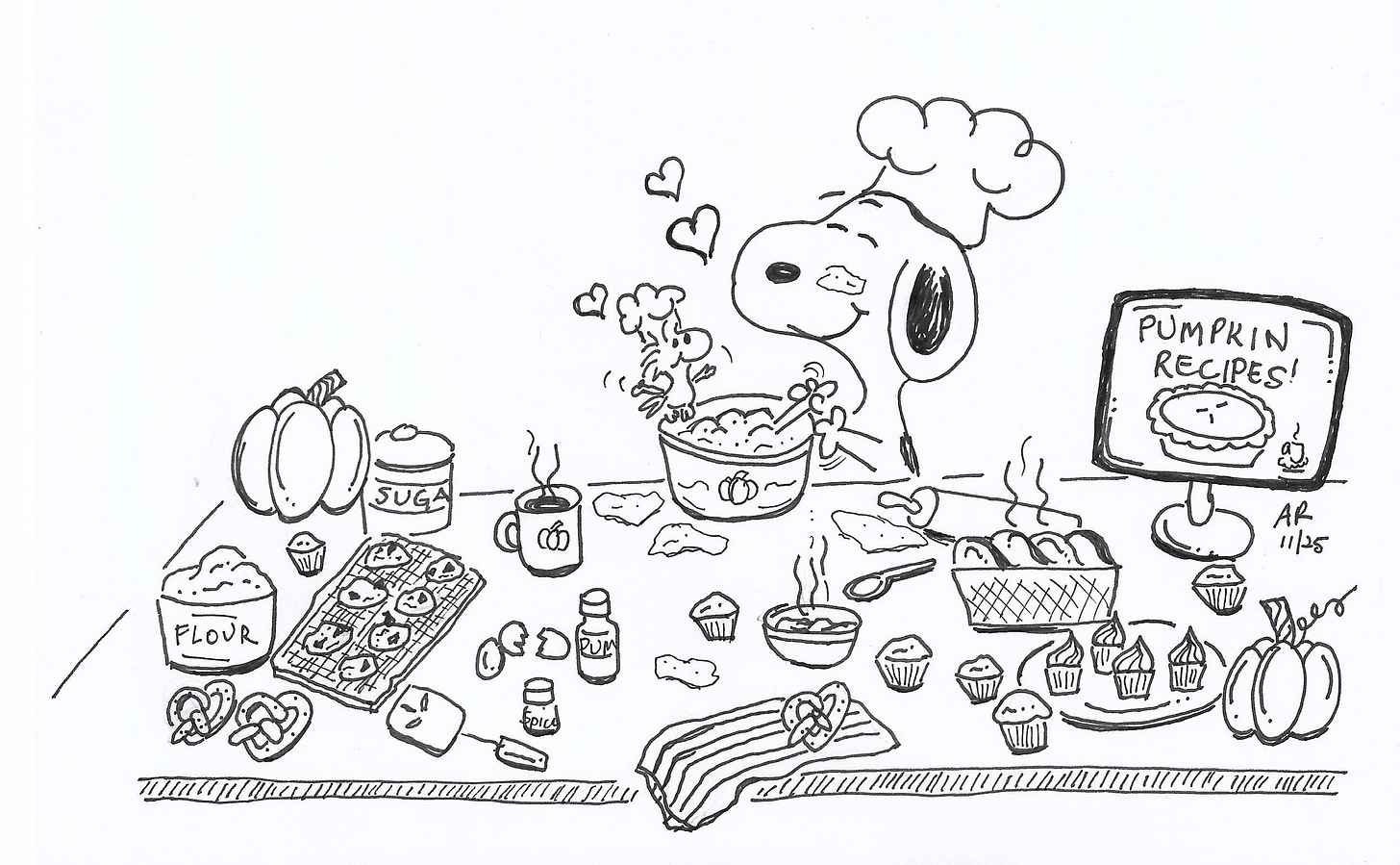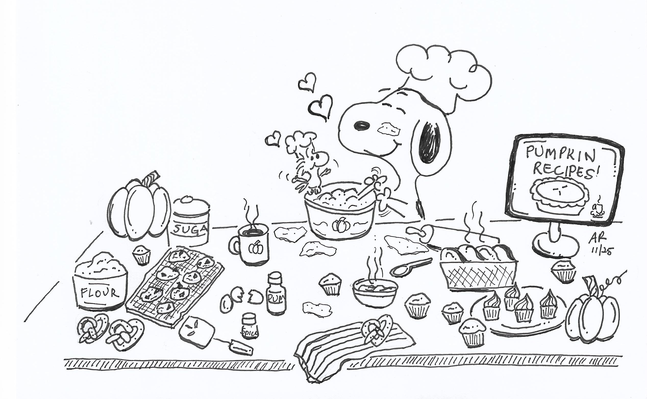 Here’s a little Snoopy drawing to express my happiness in bringing this project to fruition. It’s Snoopy working in the kitchen. He has the Pumpkin Recipe Book pulled up on his computer screen, and he’s making lots of recipes with his pal, Woodstock.
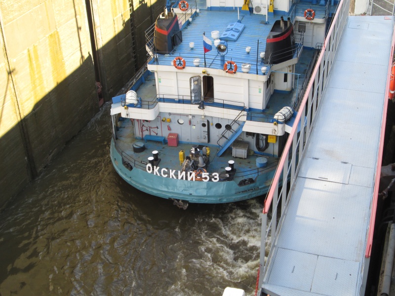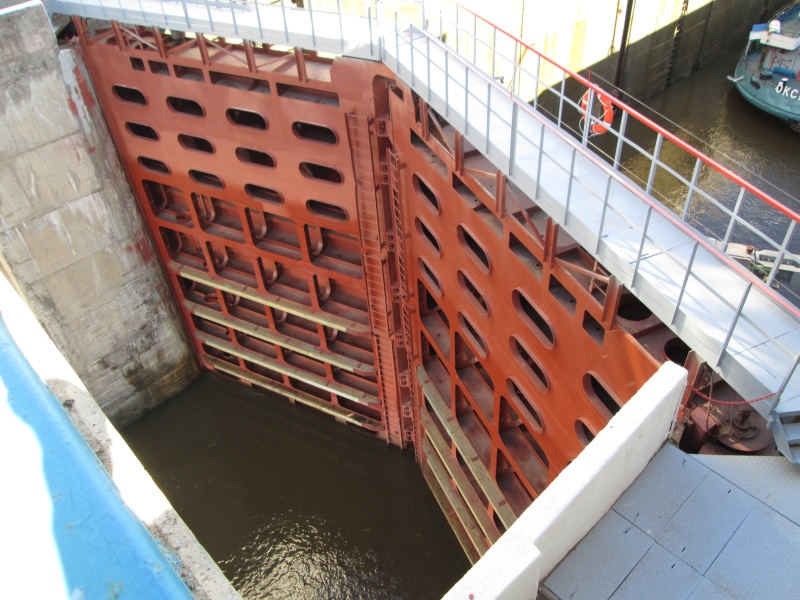 ... и осторожно - двери закрываются! Сейчас будут пускать воду в шлюз, чтобы поднять суда до уровня канала.
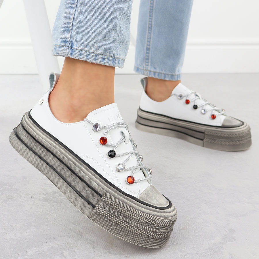 Yksityiskohdat: Nahka -lenkkarit valkoisella goe nn2n4054 -alustalla valkoinen
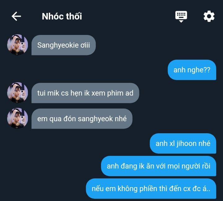 Minhyeong đảo mắt nhìn Hyeonjun rồi lại nhìn thẳng hắn. Cả bàn bỗng nhiên trở nên ngột ngạt. Minhyeong thầm nghĩ: "Lại thêm hai thằng simp lỏ." Mà nó hình như quên mất, nó cũng simp lỏ cún nhỏ của nó. Đang mỗi người một suy nghĩ thì Lee Haeun lên tiếng, phá tan bầu không khí khó xử.
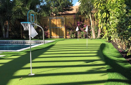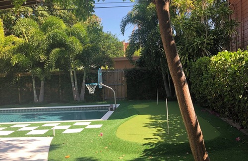 Heated saltwater pool, generously sized and equipped with a water basketball hoop, is for your year-round enjoyment. A putting green adjoins the pool for you or your children’s pleasure; we provide clubs and balls. An outdoor shower with spa nozzle under a bougainvillea-filled pergola contributes to the oasis experience. All this set against a backdrop of lush landscaping and complete privacy fencing. Expansive patio with gorgeous Cuban tile, dining table and chairs, conversational seating area with Lilly Pulitzer pillows, bar cart, oversized shade umbrella and sun loungers. A gas grill is available for you, complete with cooking tools. Fully enclosed front yard with wrought-iron fencing, luscious palms and flowering shrubs highlight this historically significant home. Circa 1923, it is one of the first homes in one of the first neighborhoods in West Palm Beach. The area is named after our mango tree in the backyard!
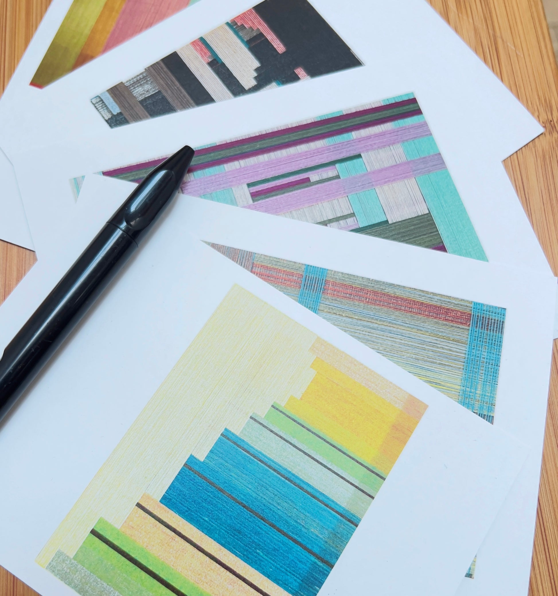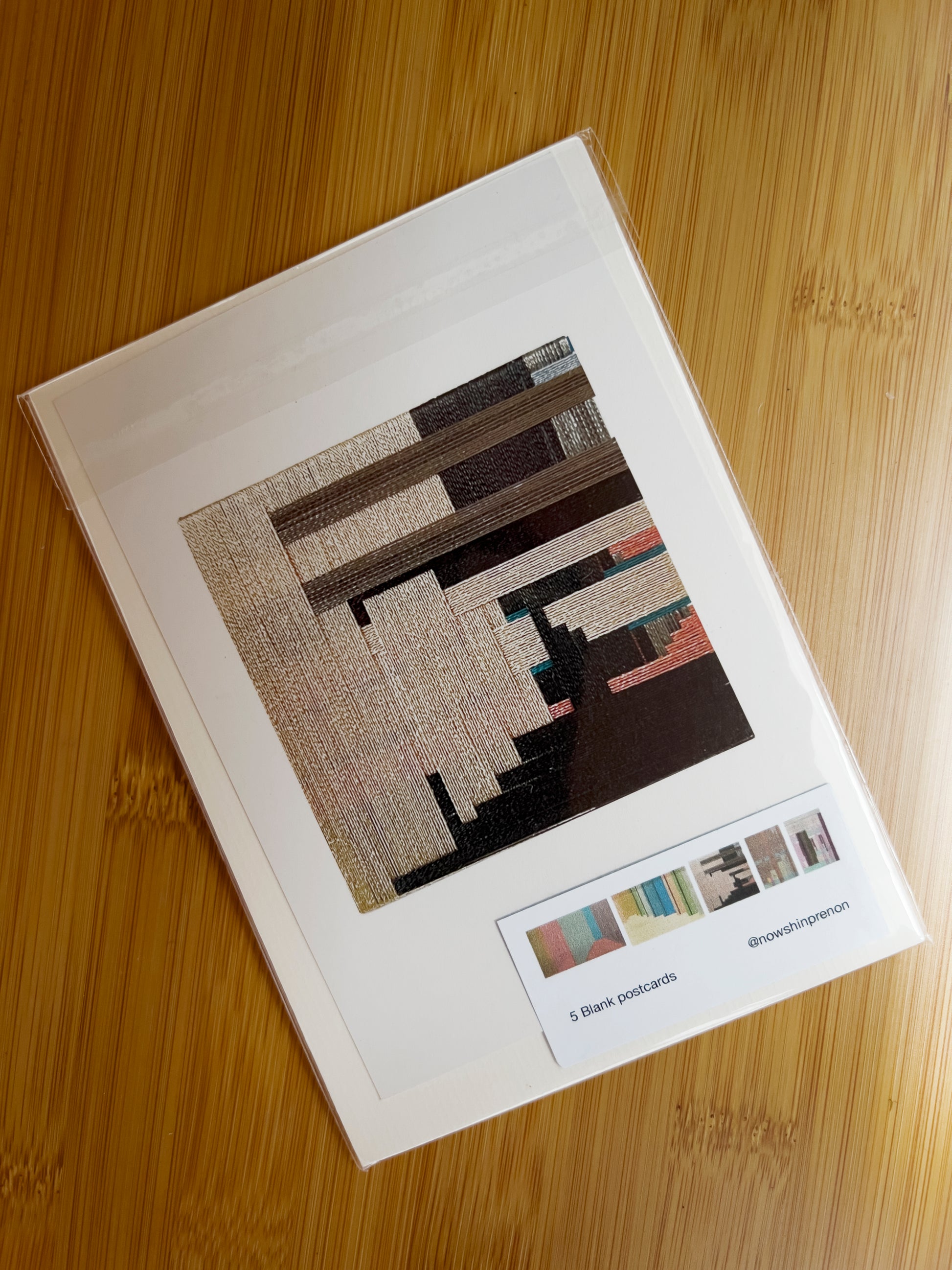 A6 prints of a selection of Nowshin’s original Winding artwork. Each pack contains 5 postcard designs and 5 envelopes.
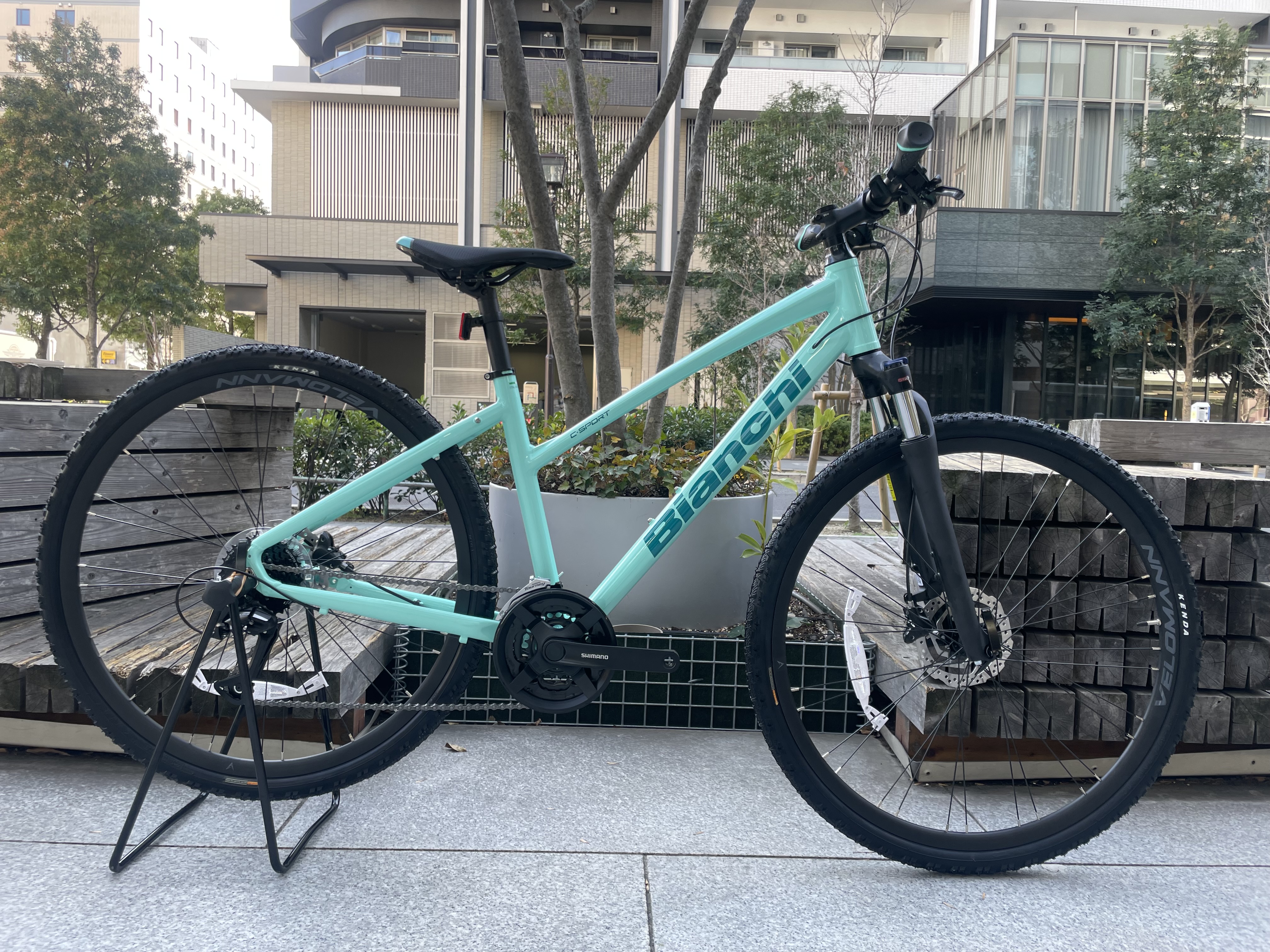 大人気のC-SPORTシリーズにフロントサスペンションが搭載。MTBほどじゃなくていいけど、タイヤが太目で乗り心地の良いクロスバイクをお探しの方にはピッタリです。カラーはチェレステ、サイズは43で限定されますが欲しい方は絶対いるはず!!
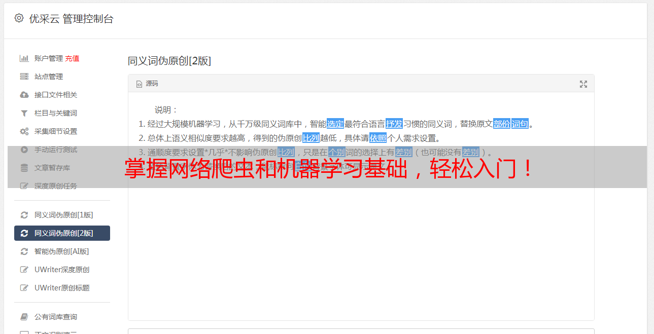 优采云 发布时间: 2023-03-03 12:15学习网络爬虫和机器学习是如今技术领域中必不可少的技能。网络爬虫是一种自动化工具,用于从互联网上获取数据,而机器学习则是一种人工智能技术,可以让计算机根据数据自动学习和改进。这两种技能之间存在着紧密的联系,掌握它们可以让你在数据分析、人工智能等领域获得更多的机会。

| Problem details |
With the pictures dropped, write out all of the entries word for word.

| Exercise response |
 Here’s a little Snoopy drawing to express my happiness in bringing this project to fruition. It’s Snoopy working in the kitchen. He has the Pumpkin Recipe Book pulled up on his computer screen, and he’s making lots of recipes with his pal, Woodstock.
 ... и осторожно - двери закрываются! Сейчас будут пускать воду в шлюз, чтобы поднять суда до уровня канала.
 Yksityiskohdat: Nahka -lenkkarit valkoisella goe nn2n4054 -alustalla valkoinen
 Minhyeong đảo mắt nhìn Hyeonjun rồi lại nhìn thẳng hắn. Cả bàn bỗng nhiên trở nên ngột ngạt. Minhyeong thầm nghĩ: "Lại thêm hai thằng simp lỏ." Mà nó hình như quên mất, nó cũng simp lỏ cún nhỏ của nó. Đang mỗi người một suy nghĩ thì Lee Haeun lên tiếng, phá tan bầu không khí khó xử.
 Heated saltwater pool, generously sized and equipped with a water basketball hoop, is for your year-round enjoyment. A putting green adjoins the pool for you or your children’s pleasure; we provide clubs and balls. An outdoor shower with spa nozzle under a bougainvillea-filled pergola contributes to the oasis experience. All this set against a backdrop of lush landscaping and complete privacy fencing. Expansive patio with gorgeous Cuban tile, dining table and chairs, conversational seating area with Lilly Pulitzer pillows, bar cart, oversized shade umbrella and sun loungers. A gas grill is available for you, complete with cooking tools. Fully enclosed front yard with wrought-iron fencing, luscious palms and flowering shrubs highlight this historically significant home. Circa 1923, it is one of the first homes in one of the first neighborhoods in West Palm Beach. The area is named after our mango tree in the backyard!
 A6 prints of a selection of Nowshin’s original Winding artwork. Each pack contains 5 postcard designs and 5 envelopes.
 大人気のC-SPORTシリーズにフロントサスペンションが搭載。MTBほどじゃなくていいけど、タイヤが太目で乗り心地の良いクロスバイクをお探しの方にはピッタリです。カラーはチェレステ、サイズは43で限定されますが欲しい方は絶対いるはず!!
 优采云 发布时间: 2023-03-03 12:15学习网络爬虫和机器学习是如今技术领域中必不可少的技能。网络爬虫是一种自动化工具,用于从互联网上获取数据,而机器学习则是一种人工智能技术,可以让计算机根据数据自动学习和改进。这两种技能之间存在着紧密的联系,掌握它们可以让你在数据分析、人工智能等领域获得更多的机会。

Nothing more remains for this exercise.